In an example situation, bootable CDs are now commonly used by attackers. These CDs enable the attacker to “boot into” another operating system that is self-contained on that CD. When the attacker initiates this boot, the hard drive is still accessible, but the base operating system on the hard drive has been bypassed, so none of the normal protections are in place.
Attackers can use this method to easily change any password, including the administrator password, on the computer. Once the attacker has changed the administrator password, he or she removes the CD, booting the system off of the CD-stored operating system. Since the attacker successfully changed the password, he or she can now log on, unlock the Key, and decrypt any of the information on the system.
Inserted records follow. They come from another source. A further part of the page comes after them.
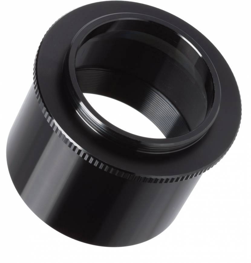 Ermöglicht den Anschluß von Kameras an Teleskope mit 2" Steckaufnahme. Zusätzlich wird ein T2-Ring auf den entsprechenden Kameratyp benötigt. Das besondere an diesem Adapter ist der sehr kurze zusätzlich benötigte Lichtweg von nur 2,0 mm, der die Verwendung einer Kamera auch an Teleskopen mit einem knappen Fokusweg ermöglicht. Ein 2" Filtergewinde ist teleskopseitig ebenfalls vorhanden.
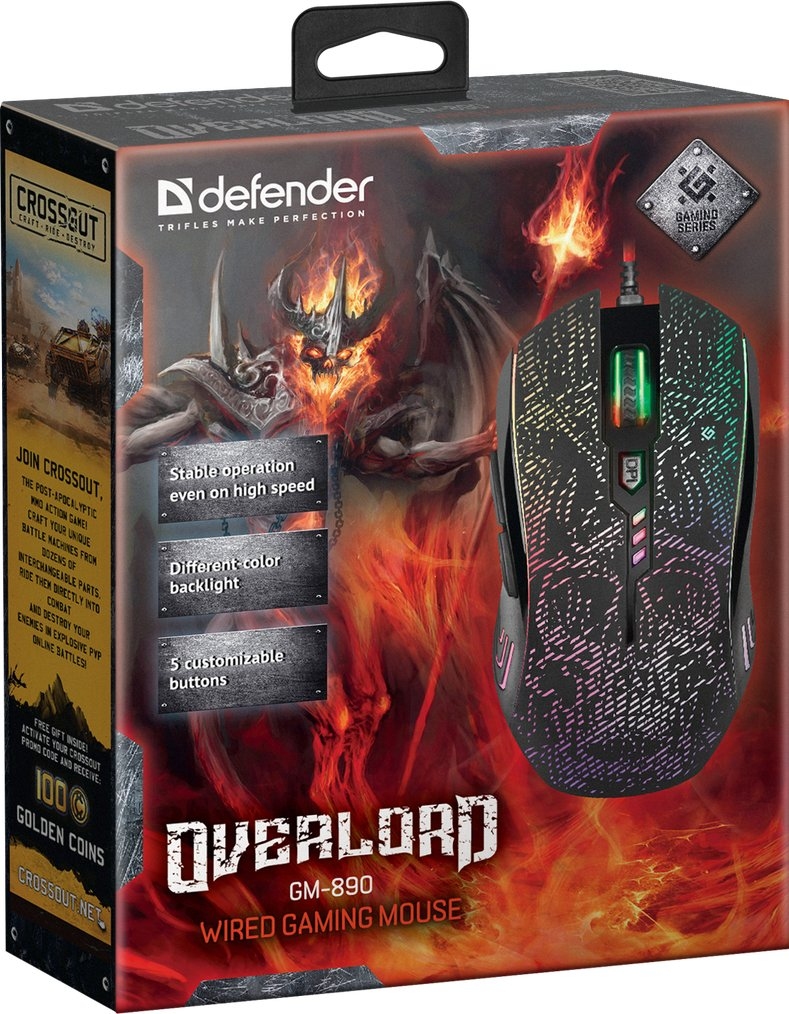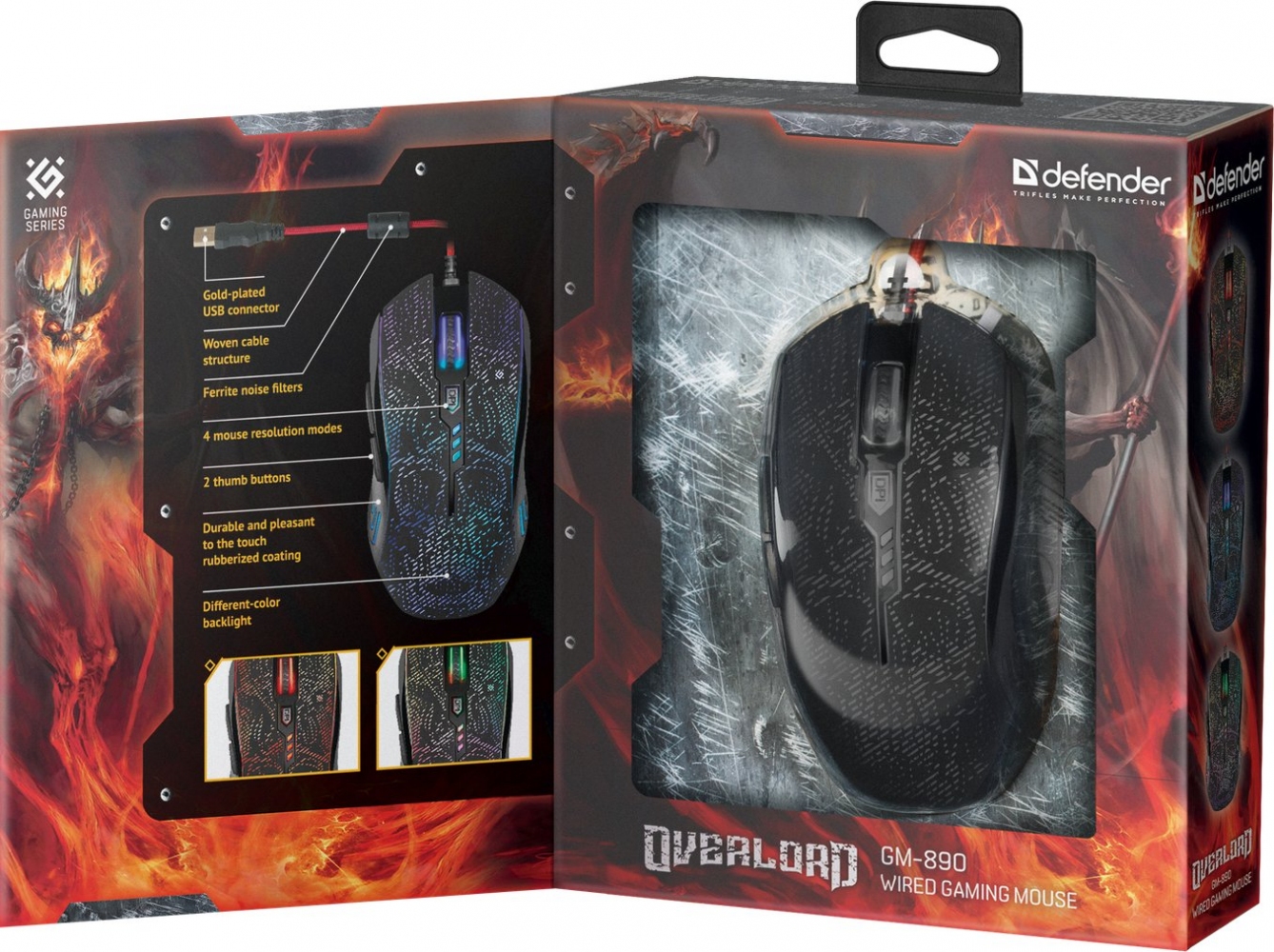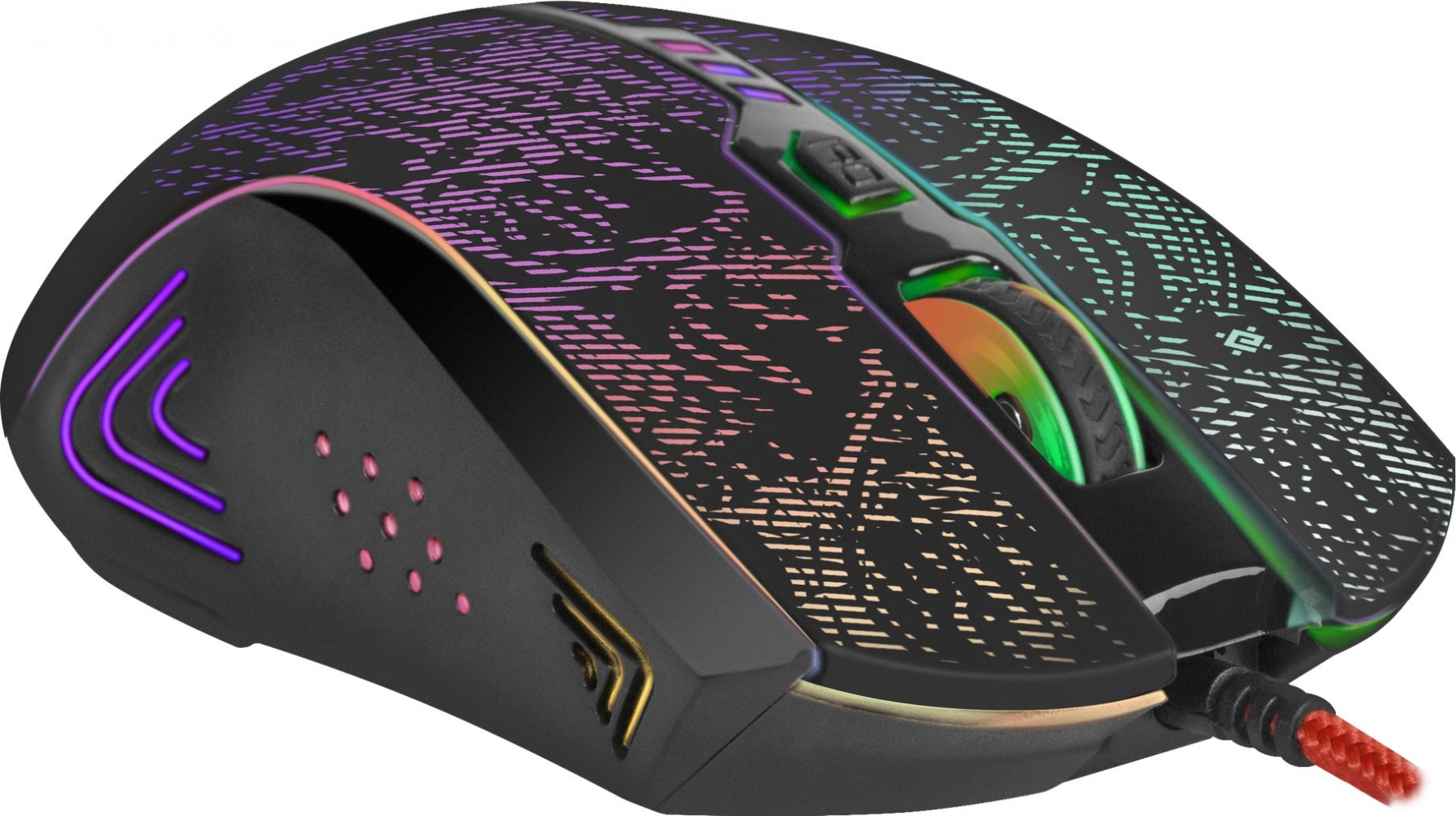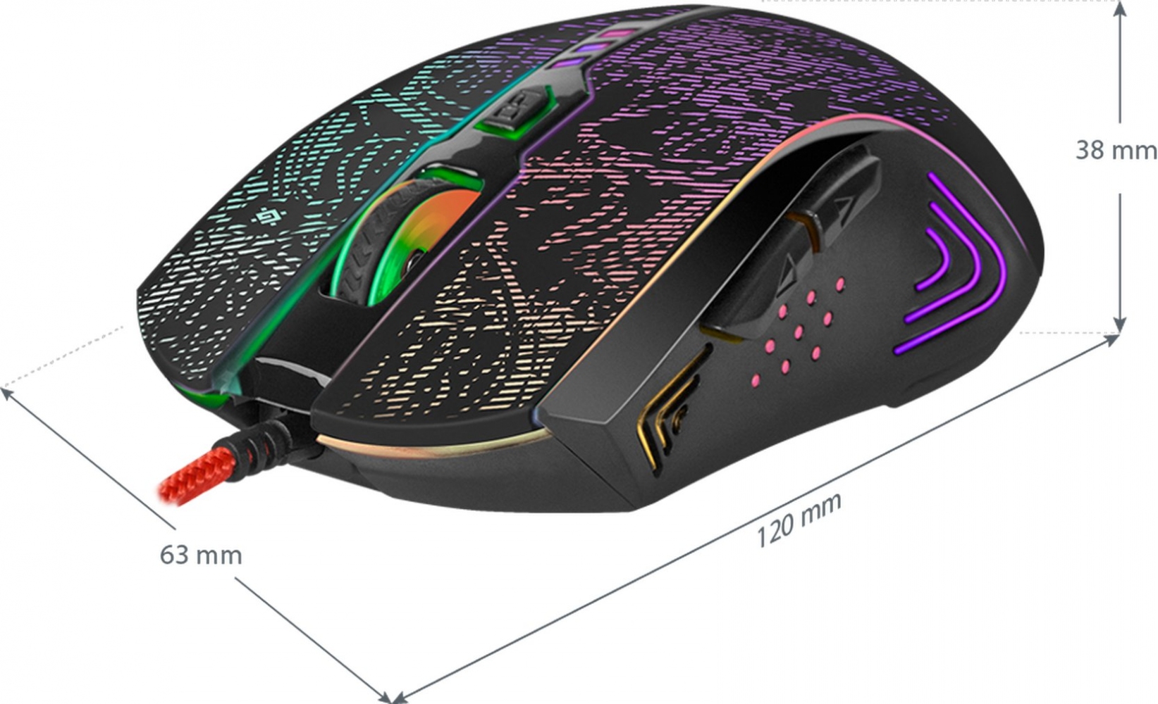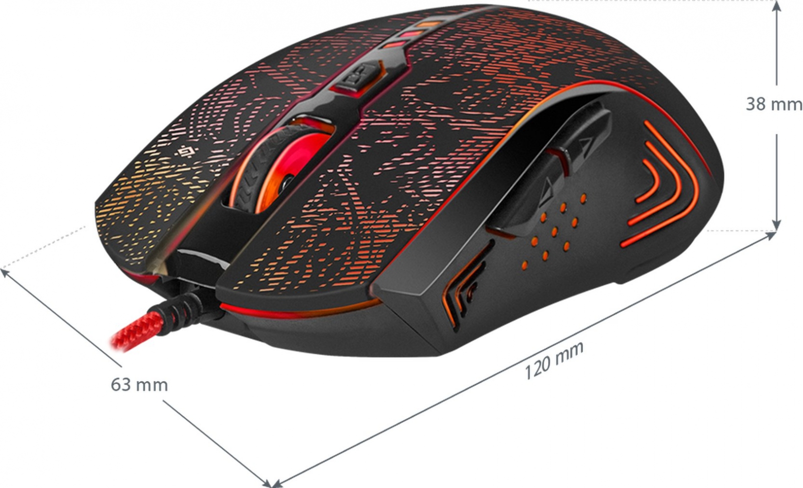 - проводная игровая мышь, оптический светодиодный сенсор с разрешением до 3200 dpi, 2 дополнительные боковые кнопки;
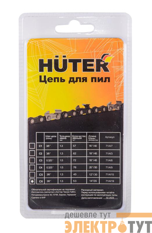 71/4/19 | Цепь C6 Huter (14дюйм-3/8-1.3-53 для ELS-1800P) HUTER

When considering data security solutions, there is no “silver bullet” or “magic” technology that ensures enterprise-wide information security. An organization will be able to protect is most sensitive information only by providing a comprehensive solution and using defense-in-depth. Encryption can play a major role in protecting the information that resides on laptop computers. However, in order for it to provide proper protection, encryption must be combined with Key management, user awareness, security policy, and proper installation.